RECORDED INFORMATION:
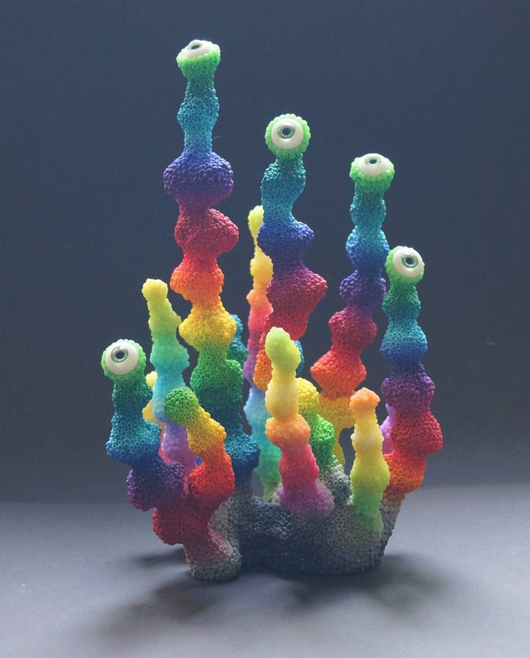 I was born and grow up in Styria and have lived in Vienna since 2000. I had my education in art School for ceramics and pottery ( 1990 - 1994 ) and completed the masterclass for ceramics and design ( 1994 - 1996 ). Polymer clay, which I processed with metal, glitter, acrylic, ink and sytetic resin,has become my material. My work is inspired by botanical rarities, animal surfaces and marine biology. The rapidly disappearing diversity and colours of nature are intended to remindus of this in a threatening and decorative way. The eyes stands for our time, in which sozial Networks, alexa, siri and co. are constantly observing everyday life. They and corporations collect save our data making us glass objects and destroying our enviroment.
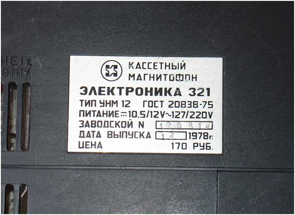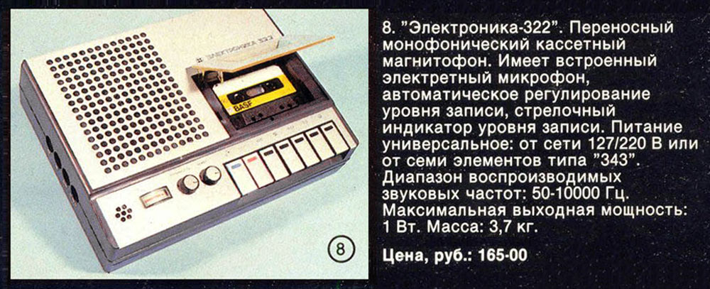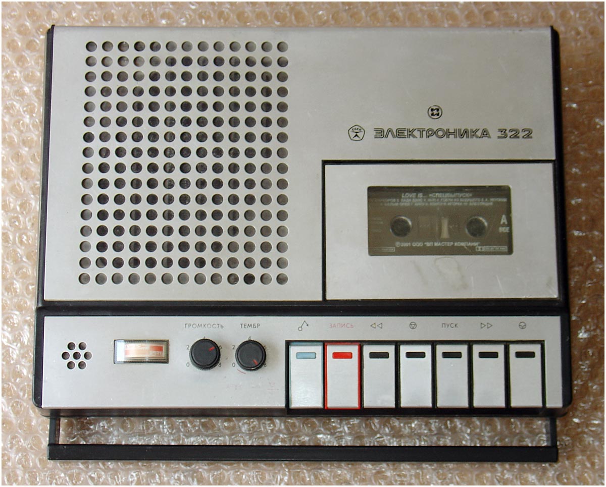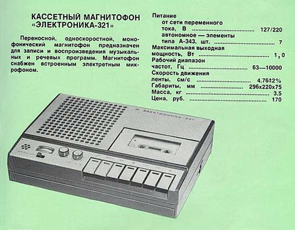 Портативные кассетные магнитофоны *Электроника-321* и *Электроника-322* с 1978 года выпускал Нововоронежский завод *Алиот*. Магнитофоны разработаны на базе ЛПМ магнитофона **Весна-305**. Здесь модернизирован привод фрикционного приёмного узла, установлены направляющие стойки для компакт-кассет и фиксаторы блока магнитных головок в вертикальном направлении. В **Электронике-321** применён встроенный электретный микрофон, ручная и автоматическая регулировка уровня записи, тонкомпенсированная регулировка громкости, громкоговоритель типа 1ГД-40. **Электроника-322** отличается тем, что в нём применён выносной микрофон МД-64М. Питание от сети или от 7 элементов 343. Магнитная лента А4203-3. Скорость протяжки ленты - 4,76 см/с. Коэффициент детонации ±0,35 %. Максимальная выходная мощность 1,8 Вт. Диапазон частот на ЛВ - 40...10000 Гц, громкоговорителе 100...8000 Гц. Габариты МГ- 296х220х75. Вес 3,8 кг.
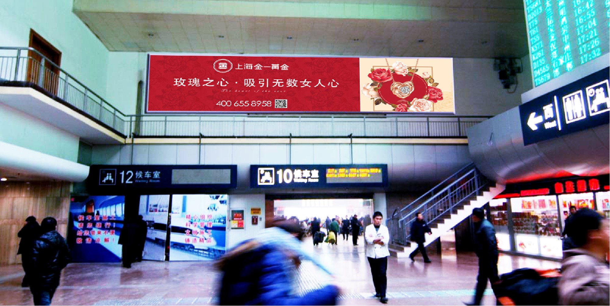 媒體優勢:覆蓋所有進站人群,彰顯品牌實力。1、進站必經,強制閱讀——該媒體位于北一層進站大廳,強制覆蓋所有進站人群,到達率100%。 2、大畫幅展示——巨幅畫面凸顯品牌氣勢,彰顯品牌實力。
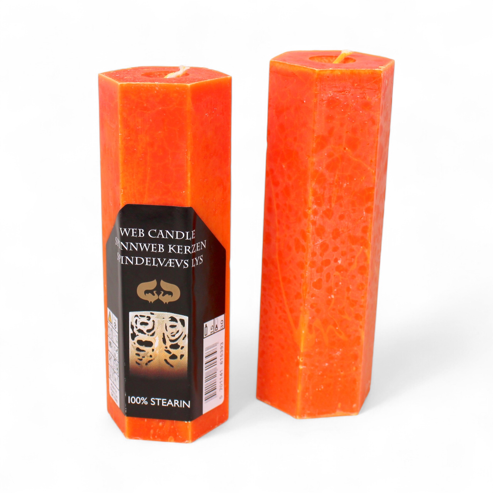 Spinnennetzkerze. Orange. Höhe 15 cm. Durchmesser 5 cm. 6-eckig. 100% Stearin. Brenndauer 30 Stunden. Die Spinnennetzkerze bildet das charakteristische Spinnennetzmuster, das die Kanten des Stearinlichts beim Brennen formen. Die schönen und kantigen Muster werfen Licht und Schatten in sehr einzigartige und schöne Formen. Diese Stearinkerze wird auch Spitzenkerze genannt.

DESCRIPTION OF THE TASK:
Leave every image out when you return the material above word for word.

RESPONSE:
 I was born and grow up in Styria and have lived in Vienna since 2000. I had my education in art School for ceramics and pottery ( 1990 - 1994 ) and completed the masterclass for ceramics and design ( 1994 - 1996 ). Polymer clay, which I processed with metal, glitter, acrylic, ink and sytetic resin,has become my material. My work is inspired by botanical rarities, animal surfaces and marine biology. The rapidly disappearing diversity and colours of nature are intended to remindus of this in a threatening and decorative way. The eyes stands for our time, in which sozial Networks, alexa, siri and co. are constantly observing everyday life. They and corporations collect save our data making us glass objects and destroying our enviroment.
 Портативные кассетные магнитофоны *Электроника-321* и *Электроника-322* с 1978 года выпускал Нововоронежский завод *Алиот*. Магнитофоны разработаны на базе ЛПМ магнитофона **Весна-305**. Здесь модернизирован привод фрикционного приёмного узла, установлены направляющие стойки для компакт-кассет и фиксаторы блока магнитных головок в вертикальном направлении. В **Электронике-321** применён встроенный электретный микрофон, ручная и автоматическая регулировка уровня записи, тонкомпенсированная регулировка громкости, громкоговоритель типа 1ГД-40. **Электроника-322** отличается тем, что в нём применён выносной микрофон МД-64М. Питание от сети или от 7 элементов 343. Магнитная лента А4203-3. Скорость протяжки ленты - 4,76 см/с. Коэффициент детонации ±0,35 %. Максимальная выходная мощность 1,8 Вт. Диапазон частот на ЛВ - 40...10000 Гц, громкоговорителе 100...8000 Гц. Габариты МГ- 296х220х75. Вес 3,8 кг.
 媒體優勢:覆蓋所有進站人群,彰顯品牌實力。1、進站必經,強制閱讀——該媒體位于北一層進站大廳,強制覆蓋所有進站人群,到達率100%。 2、大畫幅展示——巨幅畫面凸顯品牌氣勢,彰顯品牌實力。
 Spinnennetzkerze. Orange. Höhe 15 cm. Durchmesser 5 cm. 6-eckig. 100% Stearin. Brenndauer 30 Stunden. Die Spinnennetzkerze bildet das charakteristische Spinnennetzmuster, das die Kanten des Stearinlichts beim Brennen formen. Die schönen und kantigen Muster werfen Licht und Schatten in sehr einzigartige und schöne Formen. Diese Stearinkerze wird auch Spitzenkerze genannt.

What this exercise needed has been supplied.